However, Cuvier’s theory was completely overthrown sixty years ago by the geologists, led by Charles Lyell, the most distinguished worker in this field of science. Lyell proved in his famous Principles of Geology (1830) that the theory was false, in so far as it concerned the crust of the earth; that it was totally unnecessary to bring in supernatural agencies or general catastrophes in order to explain the structure and formation of the mountains; and that we can explain them by the familiar agencies which are at work to-day in altering and reconstructing the surface of the earth. These causes are—the action of the atmosphere and water in its various forms (snow, ice, fog, rain, the wear of the river, and the stormy ocean), and the volcanic action which is exerted by the molten central mass. Lyell convincingly proved that these natural causes are quite adequate to explain every feature in the build and formation of the crust. Hence Cuvier’s theory of cataclysms was very soon driven out of the province of geology, though it remained for another thirty years in undisputed authority in biology. All the zoologists and botanists who gave any thought to the question of the origin of organisms adhered to Cuvier’s erroneous idea of revolutions and new creations.

In order to illustrate the complete stagnancy of biology from 1830 to 1859 on the question of the origin of the various species of animals and plants, I may say, from my own experience, that during the whole of my university studies I never heard a single word said about this most important problem of the science. I was fortunate enough at that time (1852–1857) to have the most distinguished masters for every branch of biological science. Not one of them ever mentioned this question of the origin of species. Not a word was ever said about the earlier efforts to understand the formation of living things, nor about Lamarck’s Philosophie Zoologique which had made a fresh attack on the problem in 1809. Hence it is easy to understand the enormous opposition that Darwin encountered when he took up the question for the first time. His views seemed to float in the air, without a single previous effort to support them. The whole question of the formation of living things was considered by biologists, until 1859, as pertaining to the province of religion and transcendentalism; even in speculative philosophy, in which the question had been approached from various sides, no one had ventured to give it serious treatment. This was due to the dualistic system of Immanuel Kant, who taught a natural system of evolution as far as the inorganic world was concerned; but, on the whole, adopted a supernaturalist system as regards the origin of living things. He even went so far as to say: “It is quite certain that we cannot even satisfactorily understand, much less explain, the nature of an organism and its internal forces on purely mechanical principles; it is so certain, indeed, that we may confidently say: ‘It is absurd for a man to imagine even that some day a Newton will arise who will explain the origin of a single blade of grass by natural laws not controlled by design’—such a hope is entirely forbidden us.” In these words Kant definitely adopts the dualistic and teleological point of view for biological science.

Nevertheless, Kant deserted this point of view at times, particularly in several remarkable passages which I have dealt with at length in my Natural History of Creation (chap. v), where he expresses himself in the opposite, or monistic, sense.
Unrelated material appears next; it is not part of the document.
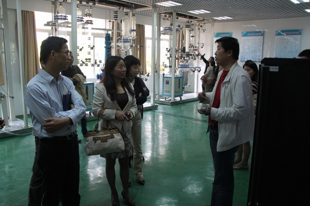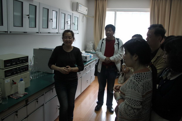 老师们认真聆听实验员介绍现代分析仪器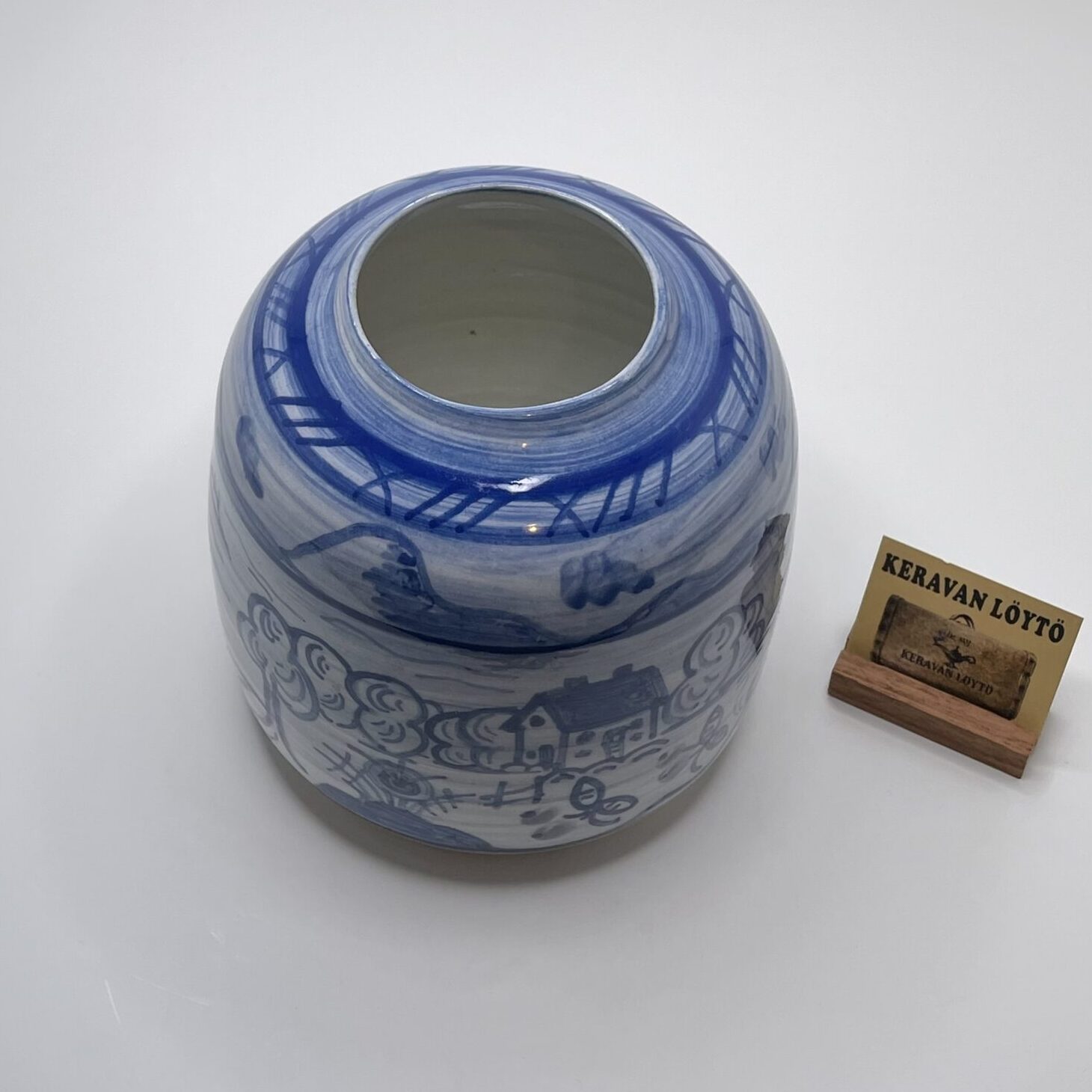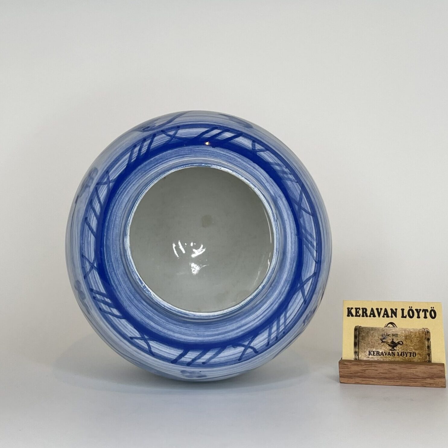 Color: White with blue decorative painting. Hand-painted.

In fact, these passages would justify one, as I showed, in claiming his support for the theory of evolution. However, these monistic passages are only stray gleams of light; as a rule, Kant adheres in biology to the obscure dualistic ideas, according to which the forces at work in inorganic nature are quite different from those of the organic world. This dualistic system prevails in academic philosophy to-day—most of our philosophers still regarding these two provinces as totally distinct. They put, on the one side, the inorganic or “lifeless” world, in which there are at work only mechanical laws, acting necessarily and without design; and, on the other, the province of organic nature, in which none of the phenomena can be properly understood, either as regards their inner nature or their origin, except in the light of preconceived design, carried out by final or purposive causes.

The prevalence of this unfortunate dualistic prejudice prevented the problem of the origin of species, and the connected question of the origin of man, from being regarded by the bulk of people as a scientific question at all until 1859. Nevertheless, a few distinguished students, free from the current prejudice, began, at the commencement of the nineteenth century, to make a serious attack on the problem. The merit of this attaches particularly to what is known as “the older school of natural philosophy,” which has been so much misrepresented, and which included Jean Lamarck, Buffon, Geoffroy St. Hilaire, and Blainville in France; Wolfgang Goethe, Reinhold Treviranus, Schelling, and Lorentz Oken in Germany [and Erasmus Darwin in England].

The gifted natural philosopher who treated this difficult question with the greatest sagacity and comprehensiveness was Jean Lamarck. He was born at Bazentin, in Picardy, on August 1st, 1744; he was the son of a clergyman, and was destined for the Church. But he turned to seek glory in the army, and eventually devoted himself to science.

His Philosophie Zoologique was the first scientific attempt to sketch the real course of the origin of species, the first “natural history of creation” of plants, animals, and men. But, as in the case of Wolff’s book, this remarkably able work had no influence whatever; neither one nor the other could obtain any recognition from their prejudiced contemporaries. No man of science was stimulated to take an interest in the work, and to develop the germs it contained of the most important biological truths. The most distinguished botanists and zoologists entirely rejected it, and did not even deign to reply to it. Cuvier, who lived and worked in the same city, has not thought fit to devote a single syllable to this great achievement in his memoir on progress in the sciences, in which the pettiest observations found a place. In short, Lamarck’s Philosophie Zoologique shared the fate of Wolff’s theory of development, and was for half a century ignored and neglected. The German scientists, especially Oken and Goethe, who were occupied with similar speculations at the same time, seem to have known nothing about Lamarck’s work. If they had known it, they would have been greatly helped by it, and might have carried the theory of evolution much farther than they found it possible to do.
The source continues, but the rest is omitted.